== WHAT IS EXPECTED ==
From the line with "Ova kućica dolazi" to the line with "Natural High-Content Gold", retype every line exactly, including those two, and leave out the rest of the data below.
----- INPUT FOR THIS TASK
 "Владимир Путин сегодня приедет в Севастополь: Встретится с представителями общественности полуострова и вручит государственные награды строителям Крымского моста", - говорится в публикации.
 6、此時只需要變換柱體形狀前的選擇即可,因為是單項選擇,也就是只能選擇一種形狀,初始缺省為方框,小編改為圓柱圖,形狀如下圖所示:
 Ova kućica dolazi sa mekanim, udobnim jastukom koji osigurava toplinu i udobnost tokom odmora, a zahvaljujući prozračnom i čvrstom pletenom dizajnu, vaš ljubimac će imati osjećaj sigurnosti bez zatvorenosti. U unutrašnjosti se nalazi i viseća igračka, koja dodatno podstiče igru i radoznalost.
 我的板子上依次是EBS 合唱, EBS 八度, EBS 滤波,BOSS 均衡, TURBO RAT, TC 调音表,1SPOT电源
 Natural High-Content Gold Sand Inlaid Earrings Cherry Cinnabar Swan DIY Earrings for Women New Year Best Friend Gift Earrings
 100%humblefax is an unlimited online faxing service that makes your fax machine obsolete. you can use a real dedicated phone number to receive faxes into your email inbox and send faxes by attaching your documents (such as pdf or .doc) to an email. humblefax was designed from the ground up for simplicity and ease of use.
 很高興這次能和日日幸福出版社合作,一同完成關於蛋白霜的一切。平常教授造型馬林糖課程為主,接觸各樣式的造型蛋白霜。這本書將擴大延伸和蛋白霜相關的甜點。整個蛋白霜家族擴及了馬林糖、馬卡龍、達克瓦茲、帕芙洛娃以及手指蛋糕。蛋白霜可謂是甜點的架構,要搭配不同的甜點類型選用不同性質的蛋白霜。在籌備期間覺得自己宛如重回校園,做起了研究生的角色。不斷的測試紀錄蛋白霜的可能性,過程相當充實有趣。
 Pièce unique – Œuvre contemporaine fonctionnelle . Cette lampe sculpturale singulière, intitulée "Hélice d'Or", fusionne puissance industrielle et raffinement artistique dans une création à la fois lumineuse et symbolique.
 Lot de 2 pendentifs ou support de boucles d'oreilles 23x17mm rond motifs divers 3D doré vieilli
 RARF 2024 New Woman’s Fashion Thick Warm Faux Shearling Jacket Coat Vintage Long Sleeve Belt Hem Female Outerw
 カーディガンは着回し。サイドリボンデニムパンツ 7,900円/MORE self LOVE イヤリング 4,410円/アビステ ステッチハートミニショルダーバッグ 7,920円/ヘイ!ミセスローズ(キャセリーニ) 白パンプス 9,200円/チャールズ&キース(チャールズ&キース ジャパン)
----------
----- INPUT FOR THIS TASK
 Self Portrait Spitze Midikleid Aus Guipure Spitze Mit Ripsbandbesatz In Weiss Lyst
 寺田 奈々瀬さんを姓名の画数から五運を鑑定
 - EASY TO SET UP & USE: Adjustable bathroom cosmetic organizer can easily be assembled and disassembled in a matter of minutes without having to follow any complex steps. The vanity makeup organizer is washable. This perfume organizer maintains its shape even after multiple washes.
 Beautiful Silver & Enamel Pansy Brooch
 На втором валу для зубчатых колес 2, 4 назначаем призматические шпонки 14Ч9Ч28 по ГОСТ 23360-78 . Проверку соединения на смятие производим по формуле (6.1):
----------
----- INPUT FOR THIS TASK
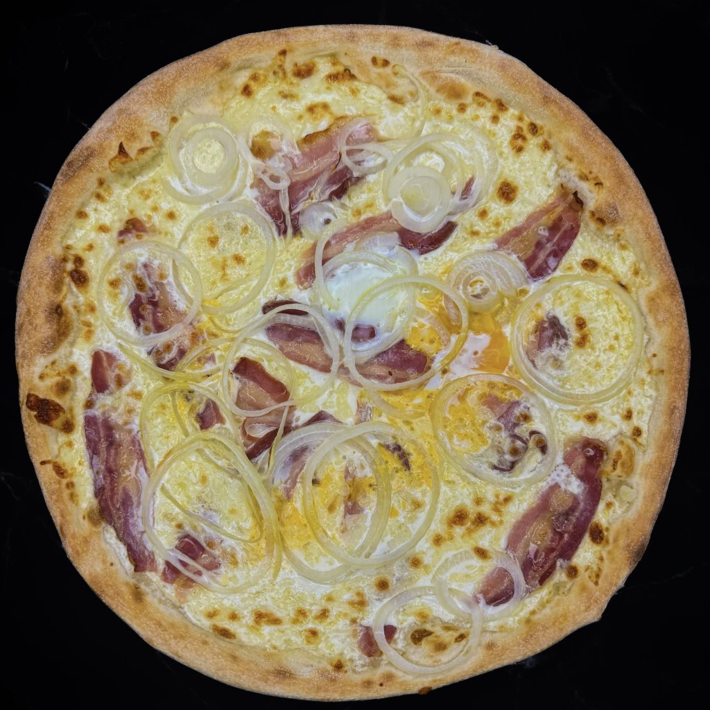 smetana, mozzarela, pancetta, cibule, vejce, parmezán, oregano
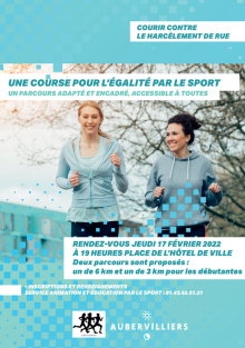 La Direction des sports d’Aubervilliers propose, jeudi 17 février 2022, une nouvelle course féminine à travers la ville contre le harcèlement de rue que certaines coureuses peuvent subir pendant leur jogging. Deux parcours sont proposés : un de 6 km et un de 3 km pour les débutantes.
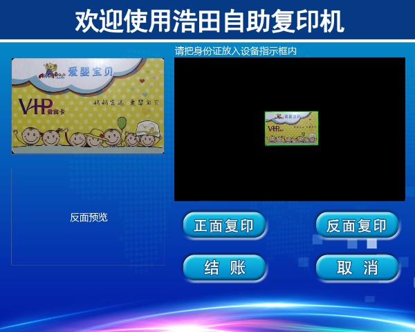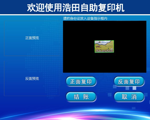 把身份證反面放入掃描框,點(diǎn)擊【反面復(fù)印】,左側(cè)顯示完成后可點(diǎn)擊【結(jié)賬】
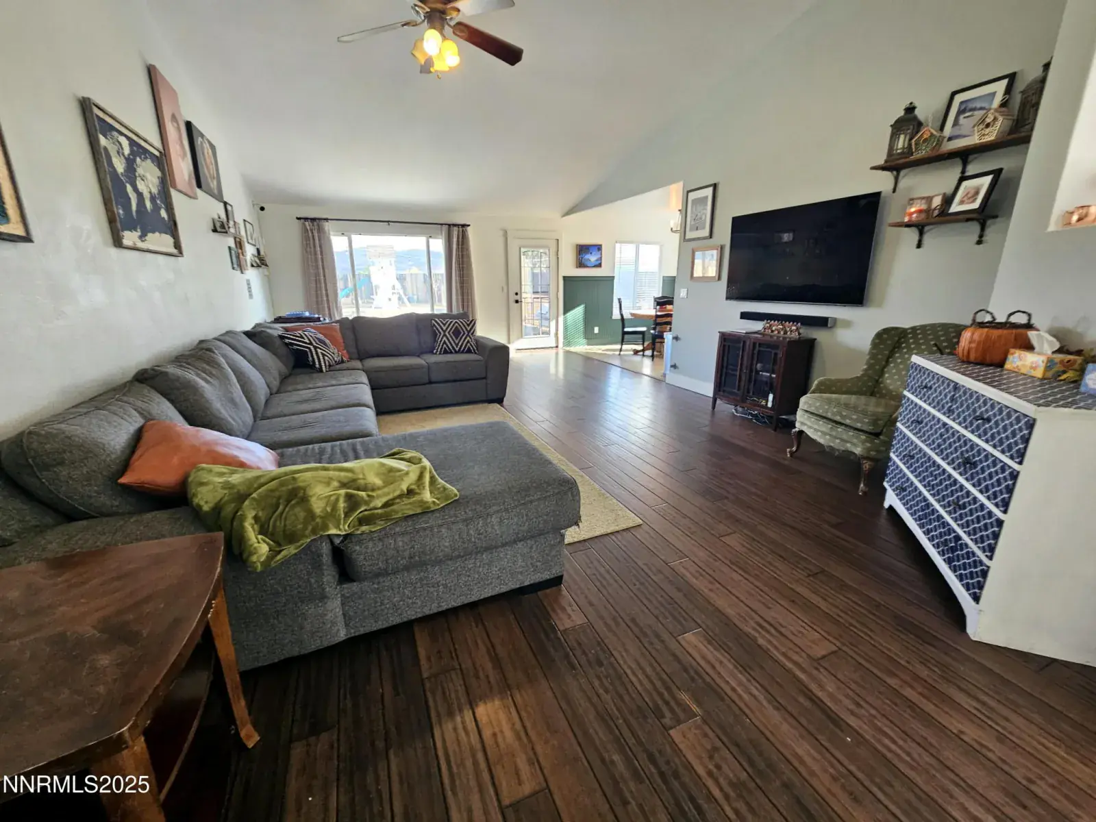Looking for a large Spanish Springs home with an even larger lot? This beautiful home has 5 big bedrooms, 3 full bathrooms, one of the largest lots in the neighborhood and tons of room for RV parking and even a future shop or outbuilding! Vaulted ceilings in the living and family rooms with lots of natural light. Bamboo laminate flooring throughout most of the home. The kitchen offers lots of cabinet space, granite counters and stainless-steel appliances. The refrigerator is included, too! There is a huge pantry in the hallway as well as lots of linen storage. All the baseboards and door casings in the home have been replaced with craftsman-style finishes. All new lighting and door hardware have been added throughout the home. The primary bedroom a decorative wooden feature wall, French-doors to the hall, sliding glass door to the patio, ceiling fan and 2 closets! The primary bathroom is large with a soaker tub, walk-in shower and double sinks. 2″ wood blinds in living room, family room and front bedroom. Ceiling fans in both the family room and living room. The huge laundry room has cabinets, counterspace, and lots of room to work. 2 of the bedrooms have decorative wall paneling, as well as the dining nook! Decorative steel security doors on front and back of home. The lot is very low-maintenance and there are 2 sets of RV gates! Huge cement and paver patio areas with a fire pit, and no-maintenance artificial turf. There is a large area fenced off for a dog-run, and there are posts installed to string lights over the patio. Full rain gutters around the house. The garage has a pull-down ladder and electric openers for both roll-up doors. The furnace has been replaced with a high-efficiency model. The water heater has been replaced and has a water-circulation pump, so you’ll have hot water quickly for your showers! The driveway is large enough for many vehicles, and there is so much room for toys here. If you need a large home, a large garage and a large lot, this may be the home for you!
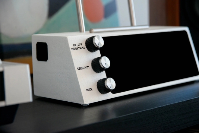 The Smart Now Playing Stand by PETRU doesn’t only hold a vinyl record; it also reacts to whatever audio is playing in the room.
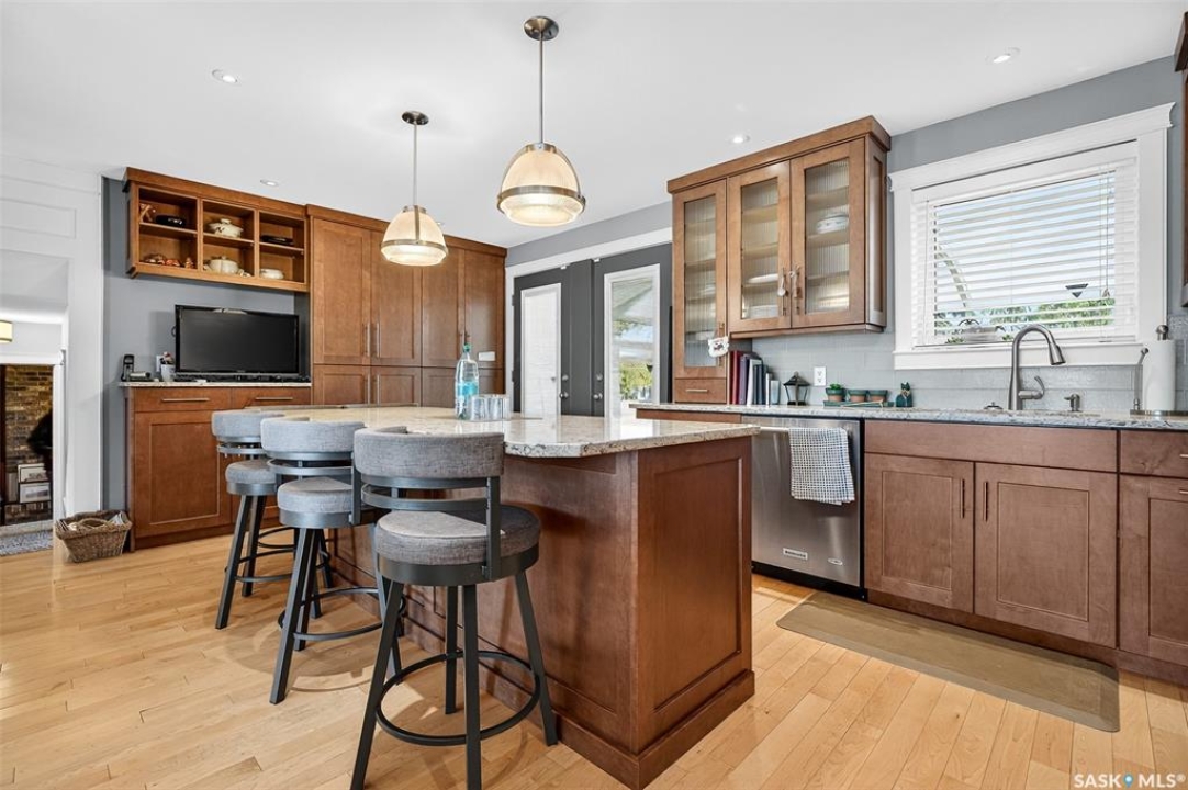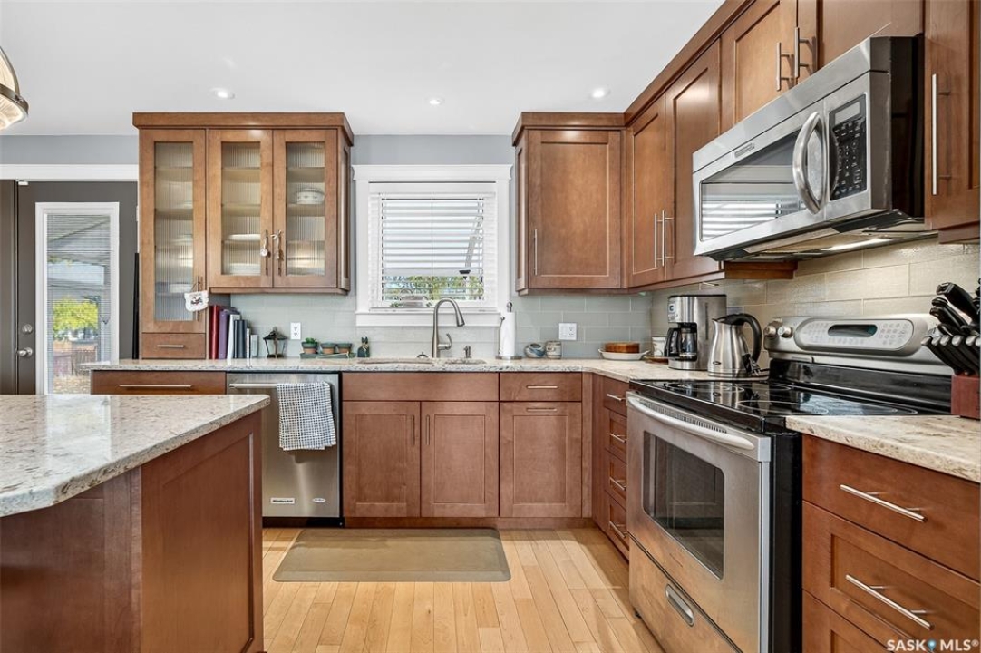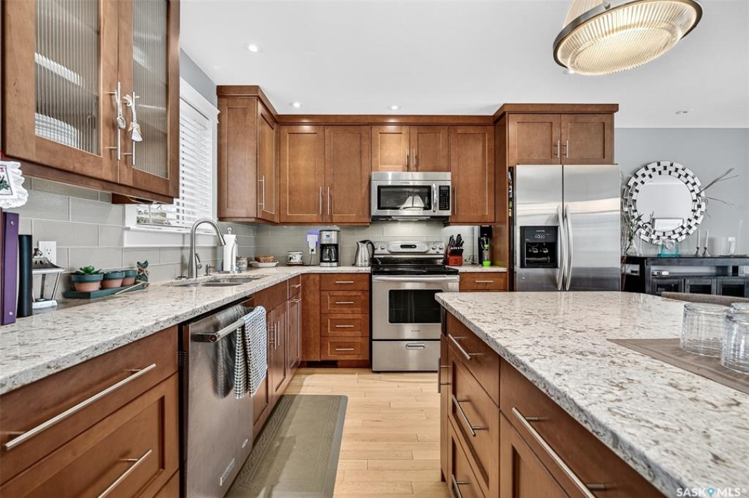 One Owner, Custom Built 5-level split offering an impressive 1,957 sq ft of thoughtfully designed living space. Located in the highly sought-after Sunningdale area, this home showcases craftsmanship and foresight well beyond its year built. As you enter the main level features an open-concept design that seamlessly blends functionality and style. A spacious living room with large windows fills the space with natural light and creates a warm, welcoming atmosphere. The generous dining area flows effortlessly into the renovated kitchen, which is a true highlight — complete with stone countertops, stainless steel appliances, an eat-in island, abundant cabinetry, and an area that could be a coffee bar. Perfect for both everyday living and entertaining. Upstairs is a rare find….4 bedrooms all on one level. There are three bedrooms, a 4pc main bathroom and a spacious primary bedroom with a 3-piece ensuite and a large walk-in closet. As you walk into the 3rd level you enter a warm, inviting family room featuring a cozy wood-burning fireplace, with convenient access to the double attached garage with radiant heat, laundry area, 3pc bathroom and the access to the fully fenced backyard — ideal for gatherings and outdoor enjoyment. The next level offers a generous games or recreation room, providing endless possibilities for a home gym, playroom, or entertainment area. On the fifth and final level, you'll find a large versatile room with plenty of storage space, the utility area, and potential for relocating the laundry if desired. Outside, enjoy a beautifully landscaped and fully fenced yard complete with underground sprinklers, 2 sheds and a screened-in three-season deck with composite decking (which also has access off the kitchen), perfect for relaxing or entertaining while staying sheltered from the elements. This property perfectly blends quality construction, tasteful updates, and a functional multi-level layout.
----------
== REPLY ==
 Ova kućica dolazi sa mekanim, udobnim jastukom koji osigurava toplinu i udobnost tokom odmora, a zahvaljujući prozračnom i čvrstom pletenom dizajnu, vaš ljubimac će imati osjećaj sigurnosti bez zatvorenosti. U unutrašnjosti se nalazi i viseća igračka, koja dodatno podstiče igru i radoznalost.
 我的板子上依次是EBS 合唱, EBS 八度, EBS 滤波,BOSS 均衡, TURBO RAT, TC 调音表,1SPOT电源
 Natural High-Content Gold Sand Inlaid Earrings Cherry Cinnabar Swan DIY Earrings for Women New Year Best Friend Gift Earrings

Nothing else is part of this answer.